Prisons of The Reign of Terror - Background

Background

Some members of Committee of Public Safety and of Committee of General Security had decided by political calculation, with various ulterior motives, to accentuate Terror by "purging" (it is their word) the prisons of Paris. Those were overflowing since the removal of the provincial revolutionary tribunals, in March 1794—the defendants stopped in the provinces were submitted in Paris, the recrudescence of the orders of arrest launched in Ile-de-France, by the Committee of general security and the "administrative slownesses" of the revolutionary Tribunal of Paris, backed-up by the paperwork, and the need for arguing the charges. Under the law of the 22 Prairal, the alleged conspiracies of prisoners made it possible to go more quickly, and to comb out the prisons. All the prisoners of one or the other of the many Parisian prisons, whatever the reason for their imprisonment - suspects, prevented or already judged, were concerned overall. The alleged conspiracy of Bicêtre, which made it possible to get rid, of more than seventy people, from 28 Prairal, until 8 Messidor, assembled by the Committee of general security, and Voulland in particular, with the downstream of Bertrand Barère de Vieuzac, Jacques Nicolas Billaud-Varenne, and Jean-Marie Collot d'Herbois, was the first operation of great width assembled after the law of the 22 Pairial. The Osselin deputy, implied in corruption affairs, and who knew something about the corrupt practices of his former colleagues, of the Committee of general security, in particular Jean-Pierre-Andre Amar, and who had avoided capital punishment four months earlier, was one of these victims, from whom they feared revelations.
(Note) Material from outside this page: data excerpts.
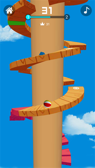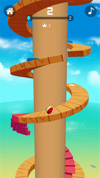 旋转、跳跃,你能爬上几层呢?今天小编要给大家推荐一款休闲小游戏——球球跳跳塔官方版,玩家在游戏中需要通过点击屏幕来控制球球的跳跃,永远不要停止向上的步伐,游戏整体采用了生动的视觉效果,有着令人上瘾的跳跃感,对玩家来说不仅仅可以锻炼肢体,眼睛和大脑的协调,同时还可以享受巨大的游戏乐趣,游戏的整体玩法很简单,一个没有终点的旋转楼梯,你需要做的就是通过跳跃避开游戏中的任何阻碍,遇到尖锐的突起以及没有楼梯空白处记得一跃而过,向上途中还有绿色的小心机块哦,如果躲避不及就只能重新开始游戏了。
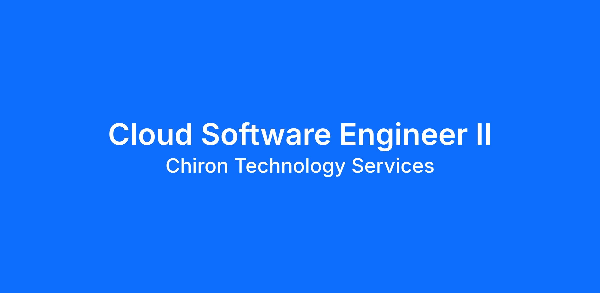 Chiron Technology Services, Inc. currently has a Cloud Software Engineer II career opportunity in the Annapolis Junction, MD area.
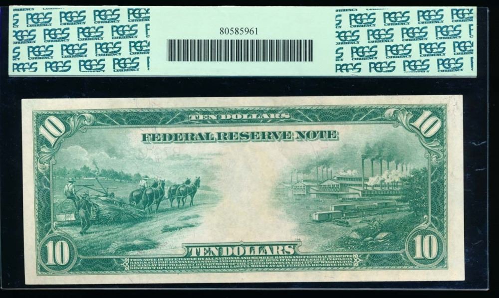 One 1914 $10 New York Federal Reserve Note PCGS 66PPQ.
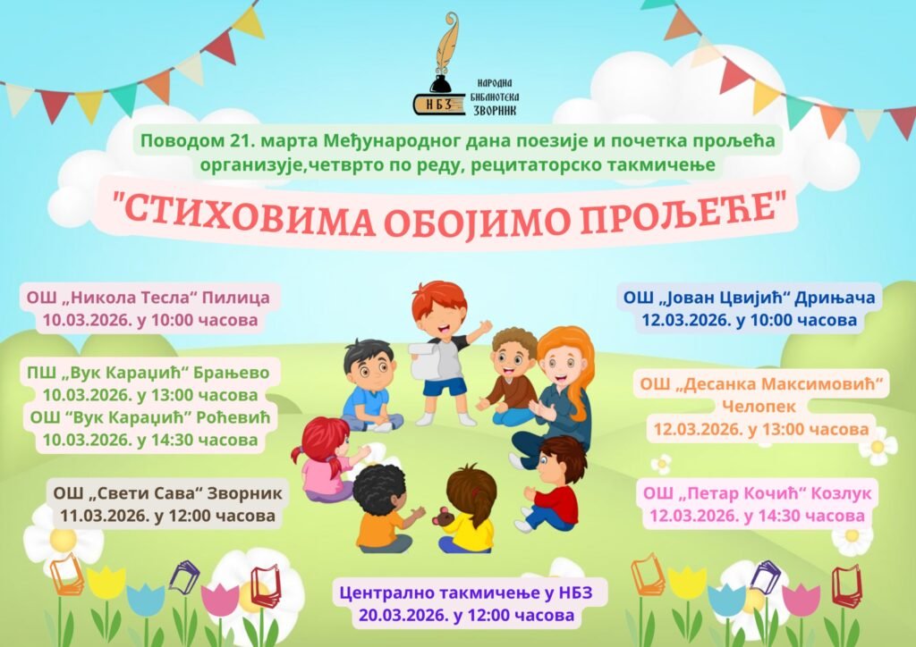 ZVORNIK – Povodom 21. marta, Međunarodnog dana poezije i početka proljeća, Narodna biblioteka Zvornik (NBZ) i ove godine organizuje tradicionalno, četvrto po redu, recitatorsko takmičenje pod nazivom „Stihovima obojimo proljeće“.
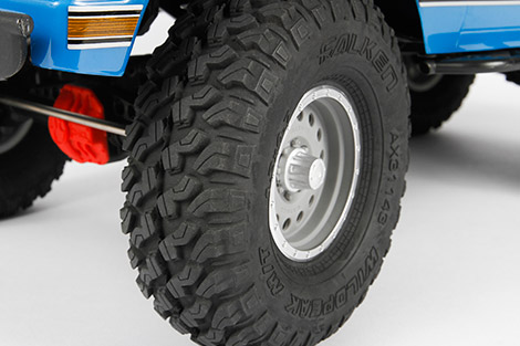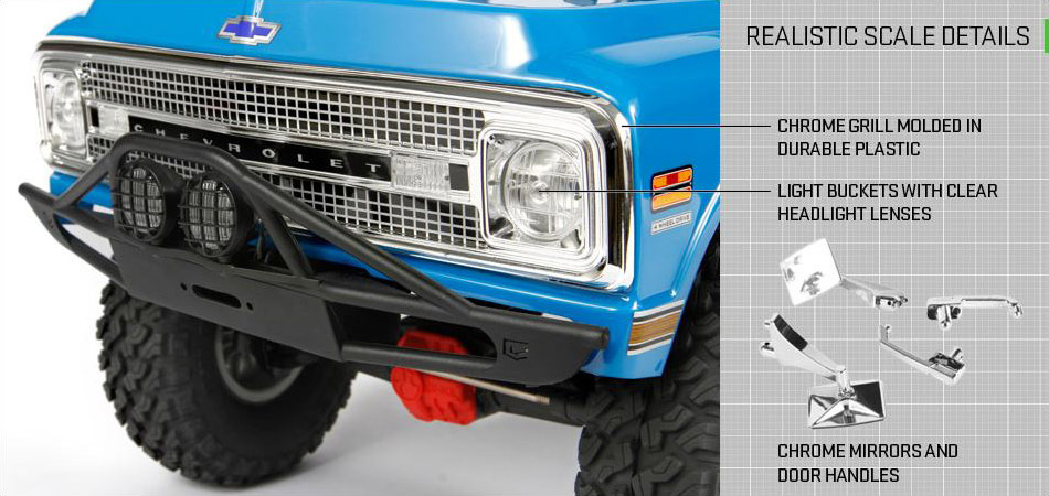 To keep the Blazer rolling along in even the toughest situations, we’ve mounted it on our rugged SCX10™ II chassis. High-clearance AR44 high-pinion axles, a chassis mounted servo (CMS), re-designed AX10™ transmission case and tough steel suspension links are just a few of the parts that make the Blazer a beast on any terrain.
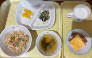 10月3日(金) 2025年10月3日 今日の給食・献立 【本日のメニュー】 【給食】 豚とじ丼 ほうれん草の納豆和え 黄桃缶 すまし汁 【おやつ】 フレンチトースト 牛乳 古い記事へ 一覧へ 新しい記事へ
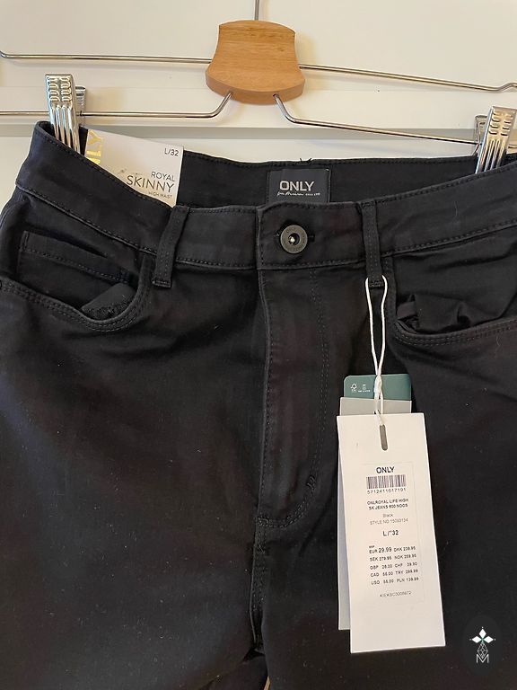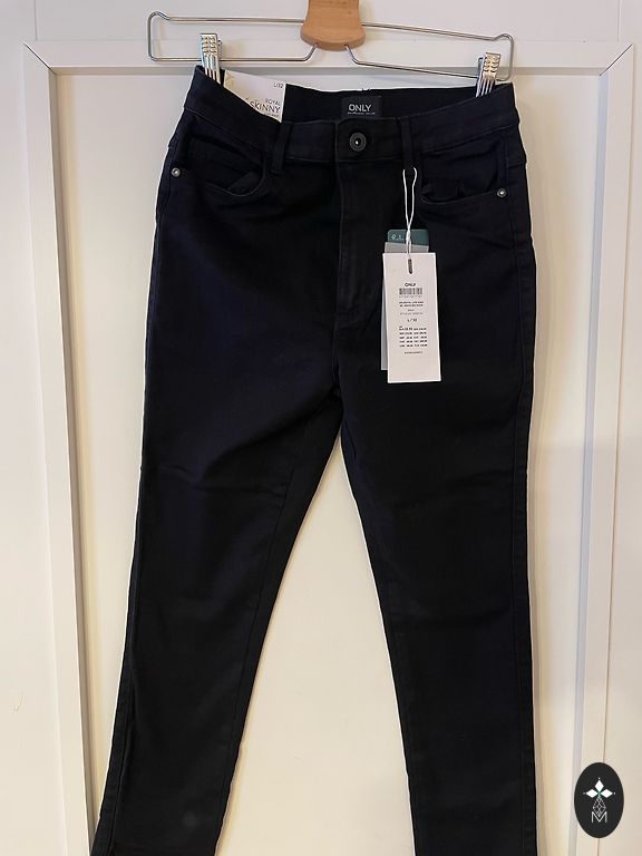 Uued, elastsed (pahkluu pikkusega) teksapüksid dekoratiivsete litrite ja narmastega pükste allosas. Suurepäraselt istuvad.
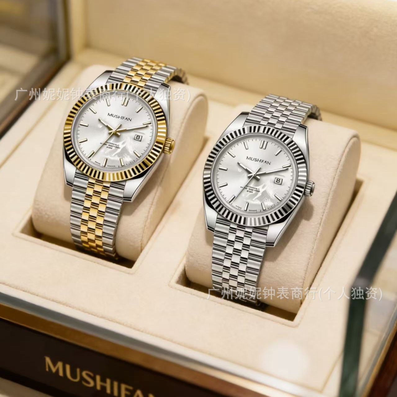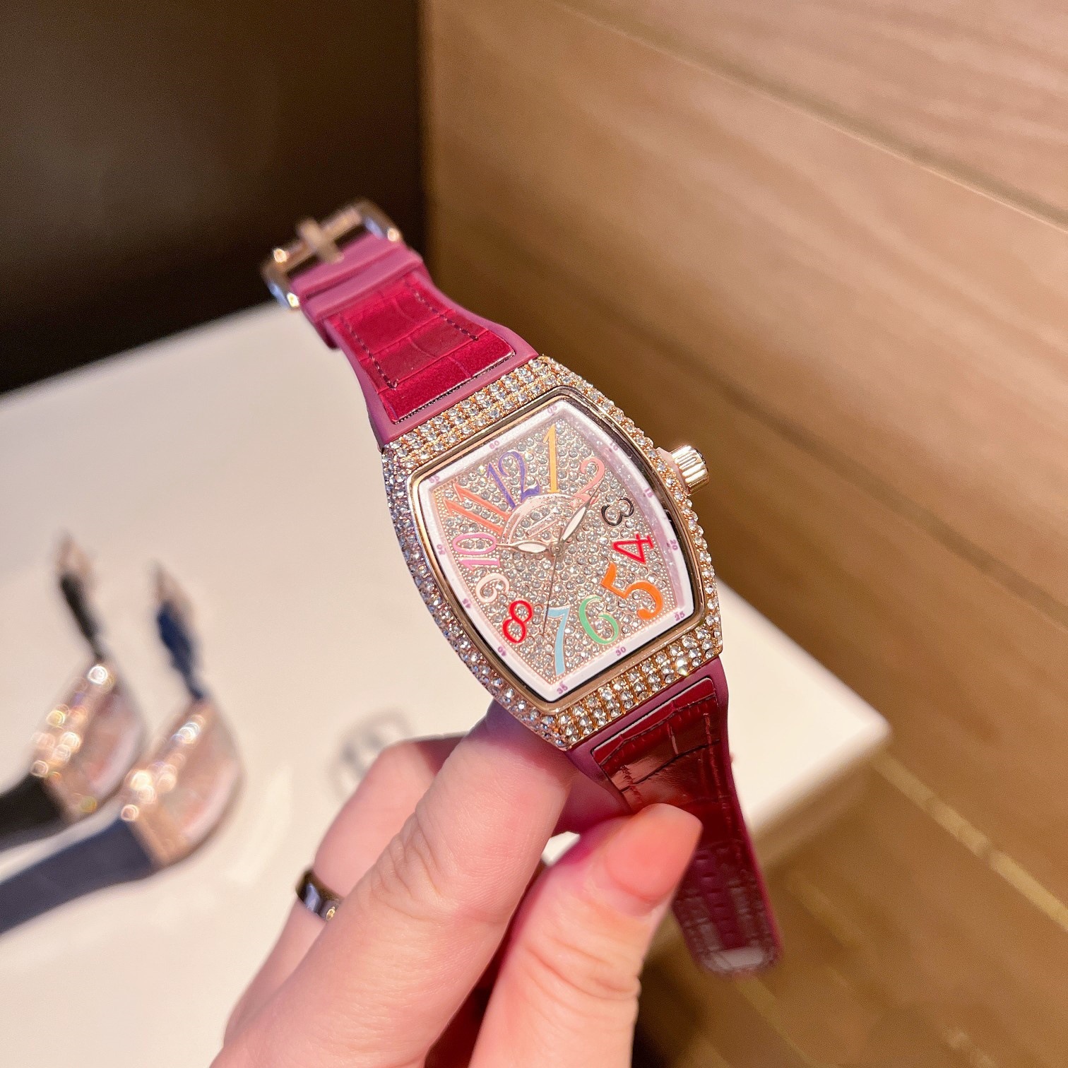 跨境男女F家M石英手表时尚百搭三针镶钻桶型夜光皮带手表批发速卖

It is Valagnos, a prisoner condemned to irons, and on standby of the deportation who had agreed to bear false witnesses, agreed to come out to charge the defendants at the revolutionary Tribunal. This business of false conspiracy was followed by "the business" of Luxembourg, a conspiracy whose reality rested, still exclusively, on the false witnesses of individuals who, against various promises, had to deposit with the revolutionary Tribunal, and which sometimes themselves were carried out thereafter.